Allow setting `chunk_size` for `Response.iter_bytes()` etc...

encode / httpx

A next generation HTTP client for Python. 🦋

https://www.python-httpx.org/

BSD 3-Clause "New" or "Revised" License

13.17k stars 836 forks source link

Allow setting `chunk_size` for `Response.iter_bytes()` etc... #394

Closed sethmlarson closed 3 years ago

sethmlarson commented 5 years ago

Requests allowed setting chunk_size within .iter_content() which is currently not an option for our alternatives .stream() and .stream_text().

For .stream_text() we should go the extra step and fix the issue that users sometimes run into when using this feature and use chunk-size for measuring the decoded text, not the raw bytes.

tomchristie commented 5 years ago

I seem to remeber this playing into some primitives around streaming bytes vs text that we never ended up digging into?

tomchristie commented 4 years ago

A good first pass onto this would be to change the decoder interface slightly, so that instead of eg. yeilding a byte chunk, they yield a list of byte chunks.

On the first refactoring pass, we don't need to actually change the internal implmentation much - the decoders can just always yield a list with a single item.

We'd then be able to add a chunk_size argument to the decoders, which would return 0, 1, or many properly-sized chunks on each yield.

florimondmanca commented 4 years ago

Updated the issue title to reflect the current Response.aiter_* API :-) (see #610).

b0g3r commented 4 years ago

How could I help with this issue?

florimondmanca commented 4 years ago

Hi @b0g3r! I think this is still something we’d like to have, and given discussions in https://github.com/python-gitlab/python-gitlab/pull/1036 it seems like some folks would like to see it too. :)

Ways to move forward would be:

Propose an API for this, with context on the existing API on Requests
Investigate implementation details (ie how are we going to split chunks: buffering, other? Looking at how Requests/urllib3 do this can help)
Draft a PR :)

b0g3r commented 4 years ago

Do I understand correctly that we will need to forward chunk_size here? https://github.com/encode/httpx/blob/a82adcc933345c6b8cb1623b031eb85723e7665b/httpx/_dispatch/urllib3.py#L112-L115

florimondmanca commented 4 years ago

@b0g3r Careful that we're in a sort of transition state w.r.t. urllib3 usage due to #804 (we'll soon use our own sync implementation, though keeping urllib3 as an option). Due to this I wouldn't advise relying on any existing urllib3 functionality — also because we'd want to provide chunk sizing on the async layer too, and it'd be odd to have a different implementation on both sides.

I think we want to look at controlling the chunk size directly from response.iter_bytes()/response.aiter_bytes(), instead…

tomchristie commented 4 years ago

@b0g3r So, as with comment https://github.com/encode/httpx/issues/394#issuecomment-567899958 - the right place to start with this would be a pull request to https://github.com/encode/httpx/blob/master/httpx/_decoders.py that changes the interface of the decoders, so that they return a list of bytes rather than bytes.

(And correspondingly, changing the places where the response calls the decoder such as https://github.com/encode/httpx/blob/a82adcc933345c6b8cb1623b031eb85723e7665b/httpx/_models.py#L915 to deal with a list of bytes as a return result.)

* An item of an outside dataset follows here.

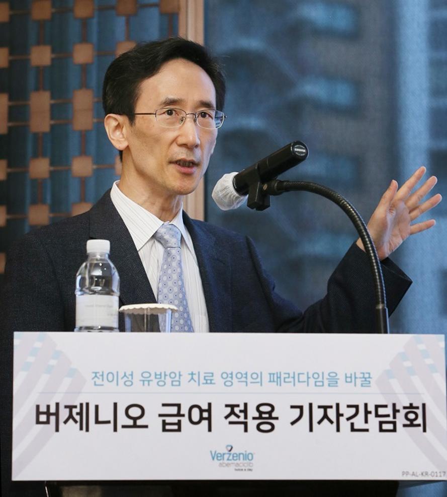 이날 간담회에서 국립암센터 유방암센터장인 혈액종양내과 이근석 교수는 진행성 및 전이성 유방암 치료에서의 미충족수요와 버제니오의 허가 임상시험인 MONARCH 2, 3 결과를 소개했다.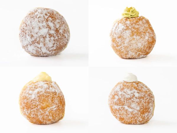 (左上から時計回りに)生マラサダ、生マラサダ ピスタチオ、生マラサダ 練乳ミルク、生マラサダ カスタード

I'd start with that as a foundational pull request, which will then make the remaining work much easier. (Adding chunk sizes to the decoder interface, and through to the response methods.)

b0g3r commented 4 years ago

(a)iter_raw(self, chunk_size=1)

chunk_size=1 because requests.Response.iter_content has it

instead of

for part in self._raw_stream:
yield part

let's use bytestring as buffer

buffer = b""
for part in self._raw_stream:
buffer += part
while len(buffer) >= chunk_size:
    yield buffer[:chunk_size]
    buffer = buffer[chunk_size:]
if buffer:
yield buffer

(a)iter_bytes(self, chunk_size=ITER_CHUNK_SIZE)

chunk_size=ITER_CHUNK_SIZE (512) because requests has it 🌚
calls (a)iter_raw

(a)iter_text(self, chunk_size=ITER_CHUNK_SIZE)

calls (a)iter_bytes

(a)iter_line(self, chunk_size=ITER_CHUNK_SIZE)

calls (a)iter_test
current code expects that each chunk containt full line(s), but it's not true (UPD: found code for splitting in LineDecoder)
requests has elegant solution

b0g3r commented 4 years ago

@tomchristie As I see (a)iter_raw doesn't use any decoder 🤔

piersoh commented 4 years ago

Would be good to have chunk_size=None option so that httpx can return chunks at the HTTP chunk boundaries as per the requests library - this is useful for apps that require timely delivery.